**Your goal**: With the pictures omitted, write out all of the listing exactly.
Content starts
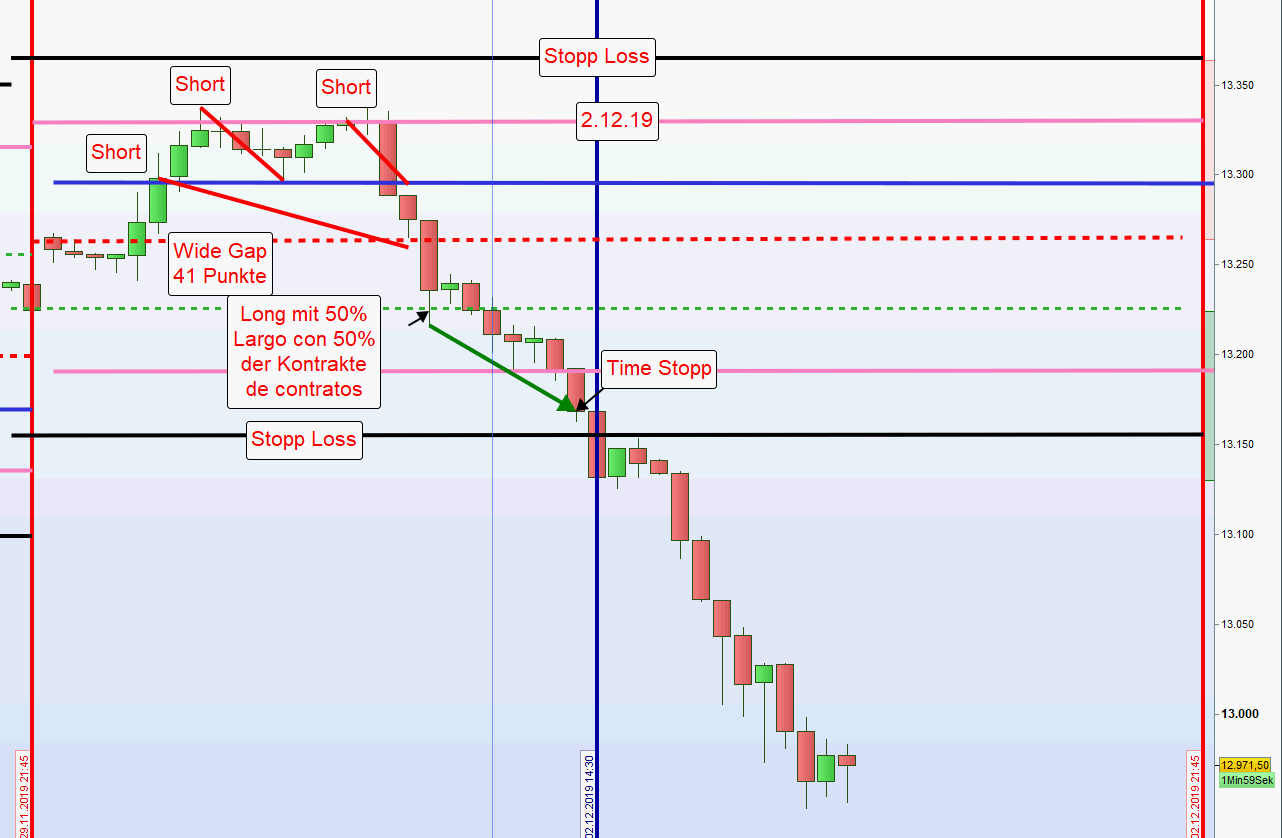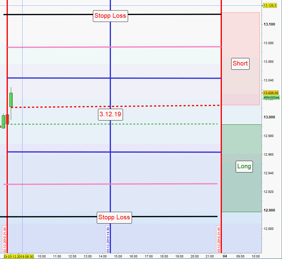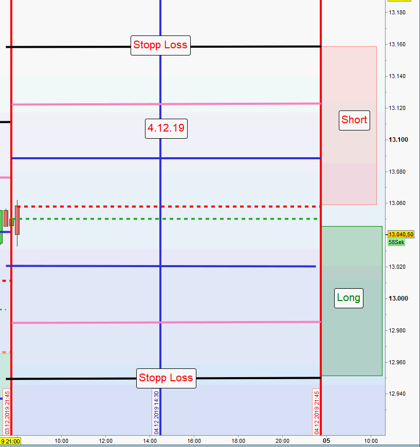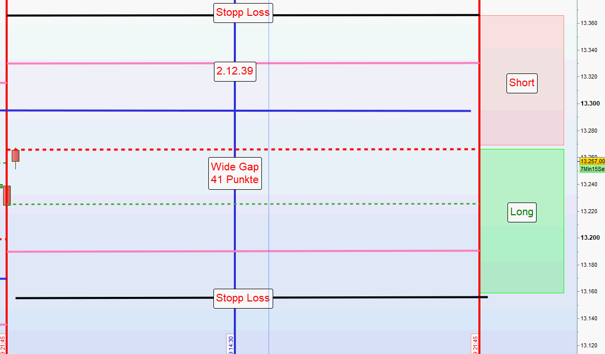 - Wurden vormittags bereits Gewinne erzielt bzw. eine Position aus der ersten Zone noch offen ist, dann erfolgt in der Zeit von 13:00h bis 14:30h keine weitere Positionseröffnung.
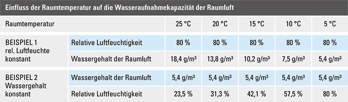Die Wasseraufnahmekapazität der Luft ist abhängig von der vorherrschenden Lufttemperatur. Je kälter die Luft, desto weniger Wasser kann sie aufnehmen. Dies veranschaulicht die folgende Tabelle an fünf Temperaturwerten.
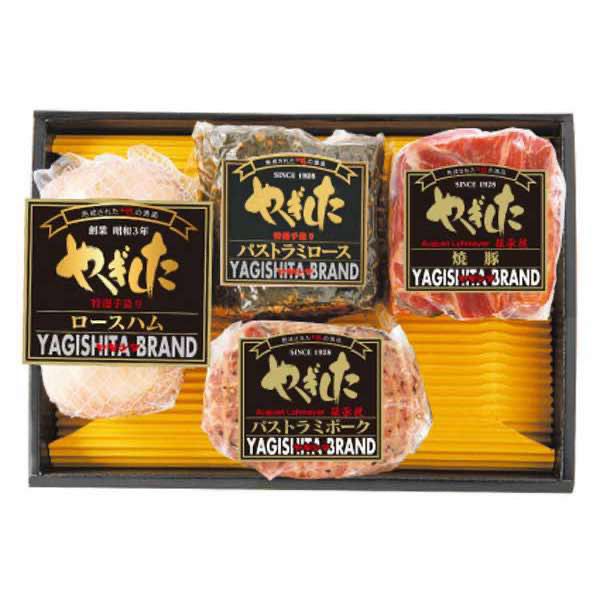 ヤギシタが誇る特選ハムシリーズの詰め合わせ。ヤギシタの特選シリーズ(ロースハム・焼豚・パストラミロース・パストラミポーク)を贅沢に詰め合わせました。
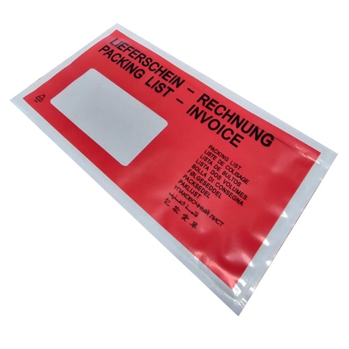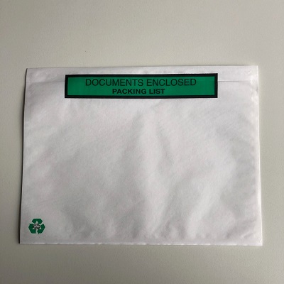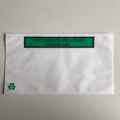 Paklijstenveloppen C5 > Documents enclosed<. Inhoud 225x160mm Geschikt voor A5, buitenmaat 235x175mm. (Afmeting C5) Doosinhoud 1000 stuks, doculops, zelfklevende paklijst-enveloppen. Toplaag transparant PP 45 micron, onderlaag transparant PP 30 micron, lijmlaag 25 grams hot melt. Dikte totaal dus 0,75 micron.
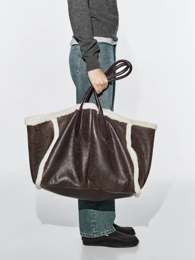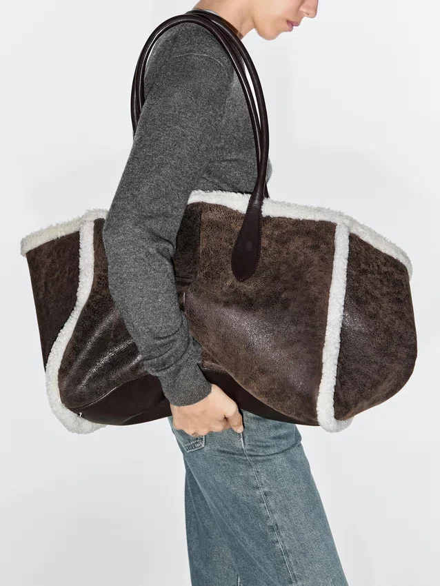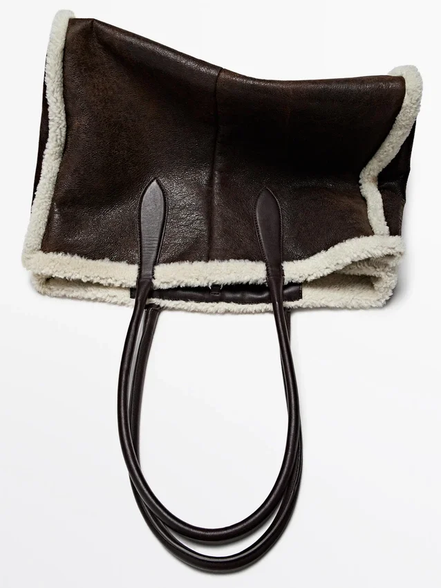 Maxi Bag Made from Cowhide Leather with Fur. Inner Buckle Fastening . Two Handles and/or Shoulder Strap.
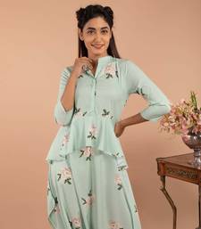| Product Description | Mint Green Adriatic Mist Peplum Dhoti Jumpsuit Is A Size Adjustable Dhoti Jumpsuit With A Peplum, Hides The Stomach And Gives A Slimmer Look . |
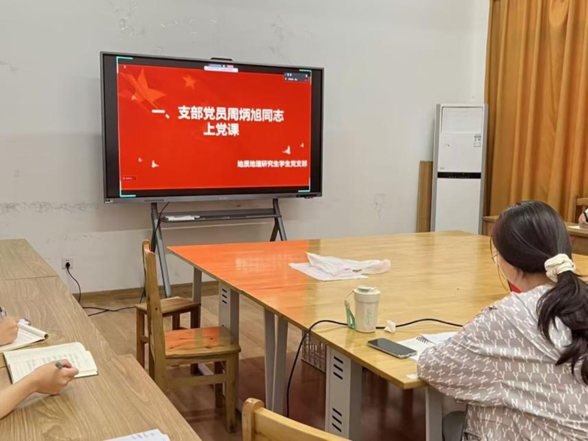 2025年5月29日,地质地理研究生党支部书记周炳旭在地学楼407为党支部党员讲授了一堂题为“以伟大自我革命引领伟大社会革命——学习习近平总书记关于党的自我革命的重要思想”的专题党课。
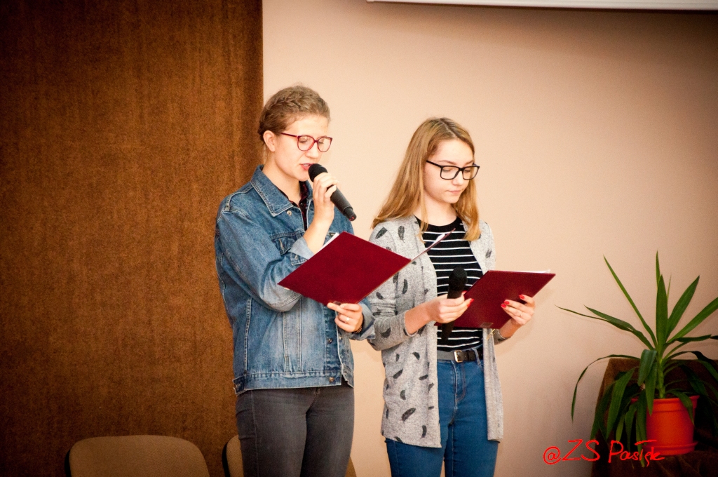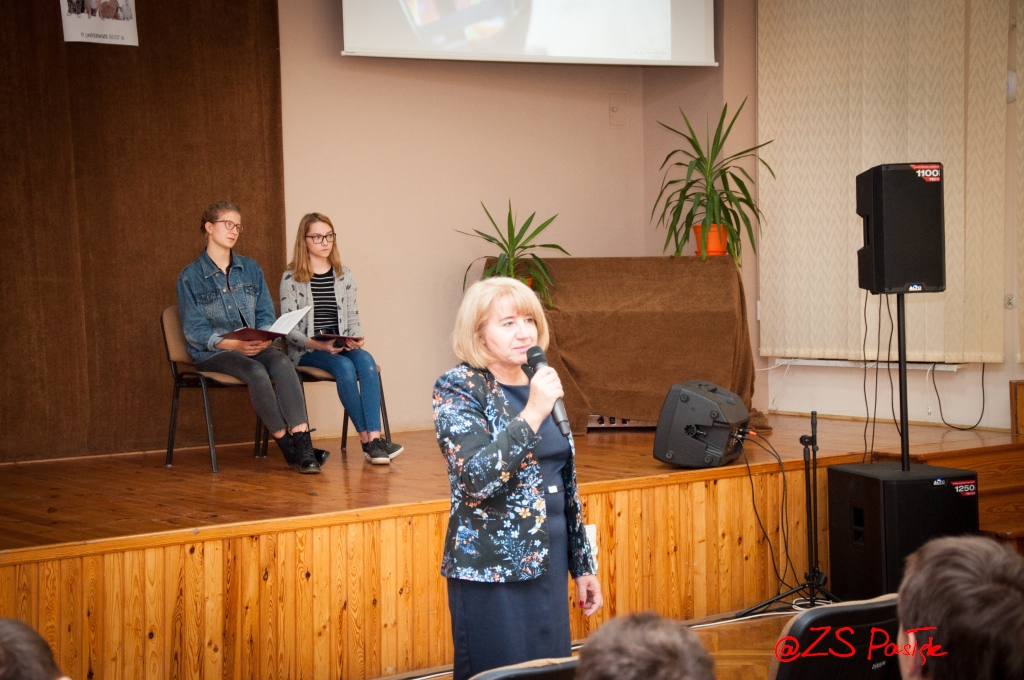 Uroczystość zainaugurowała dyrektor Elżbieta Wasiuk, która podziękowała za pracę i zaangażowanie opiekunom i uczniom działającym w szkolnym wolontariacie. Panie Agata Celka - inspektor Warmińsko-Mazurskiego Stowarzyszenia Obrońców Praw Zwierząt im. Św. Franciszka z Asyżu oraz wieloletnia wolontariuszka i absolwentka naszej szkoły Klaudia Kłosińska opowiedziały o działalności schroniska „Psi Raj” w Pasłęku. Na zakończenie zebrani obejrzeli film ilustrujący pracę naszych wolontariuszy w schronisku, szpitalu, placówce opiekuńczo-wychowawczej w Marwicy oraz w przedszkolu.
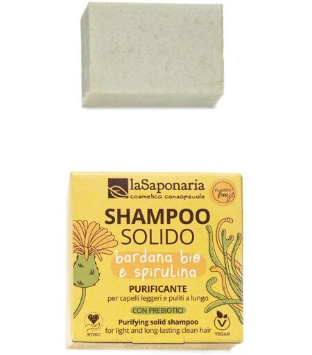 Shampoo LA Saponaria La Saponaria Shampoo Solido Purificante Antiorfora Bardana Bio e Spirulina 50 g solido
Content ends
**Response to this exercise**:
 - Wurden vormittags bereits Gewinne erzielt bzw. eine Position aus der ersten Zone noch offen ist, dann erfolgt in der Zeit von 13:00h bis 14:30h keine weitere Positionseröffnung.
Die Wasseraufnahmekapazität der Luft ist abhängig von der vorherrschenden Lufttemperatur. Je kälter die Luft, desto weniger Wasser kann sie aufnehmen. Dies veranschaulicht die folgende Tabelle an fünf Temperaturwerten.
 ヤギシタが誇る特選ハムシリーズの詰め合わせ。ヤギシタの特選シリーズ(ロースハム・焼豚・パストラミロース・パストラミポーク)を贅沢に詰め合わせました。
 Paklijstenveloppen C5 > Documents enclosed<. Inhoud 225x160mm Geschikt voor A5, buitenmaat 235x175mm. (Afmeting C5) Doosinhoud 1000 stuks, doculops, zelfklevende paklijst-enveloppen. Toplaag transparant PP 45 micron, onderlaag transparant PP 30 micron, lijmlaag 25 grams hot melt. Dikte totaal dus 0,75 micron.
 Maxi Bag Made from Cowhide Leather with Fur. Inner Buckle Fastening . Two Handles and/or Shoulder Strap.
| Product Description | Mint Green Adriatic Mist Peplum Dhoti Jumpsuit Is A Size Adjustable Dhoti Jumpsuit With A Peplum, Hides The Stomach And Gives A Slimmer Look . |
 2025年5月29日,地质地理研究生党支部书记周炳旭在地学楼407为党支部党员讲授了一堂题为“以伟大自我革命引领伟大社会革命——学习习近平总书记关于党的自我革命的重要思想”的专题党课。
 Uroczystość zainaugurowała dyrektor Elżbieta Wasiuk, która podziękowała za pracę i zaangażowanie opiekunom i uczniom działającym w szkolnym wolontariacie. Panie Agata Celka - inspektor Warmińsko-Mazurskiego Stowarzyszenia Obrońców Praw Zwierząt im. Św. Franciszka z Asyżu oraz wieloletnia wolontariuszka i absolwentka naszej szkoły Klaudia Kłosińska opowiedziały o działalności schroniska „Psi Raj” w Pasłęku. Na zakończenie zebrani obejrzeli film ilustrujący pracę naszych wolontariuszy w schronisku, szpitalu, placówce opiekuńczo-wychowawczej w Marwicy oraz w przedszkolu.
 Shampoo LA Saponaria La Saponaria Shampoo Solido Purificante Antiorfora Bardana Bio e Spirulina 50 g solido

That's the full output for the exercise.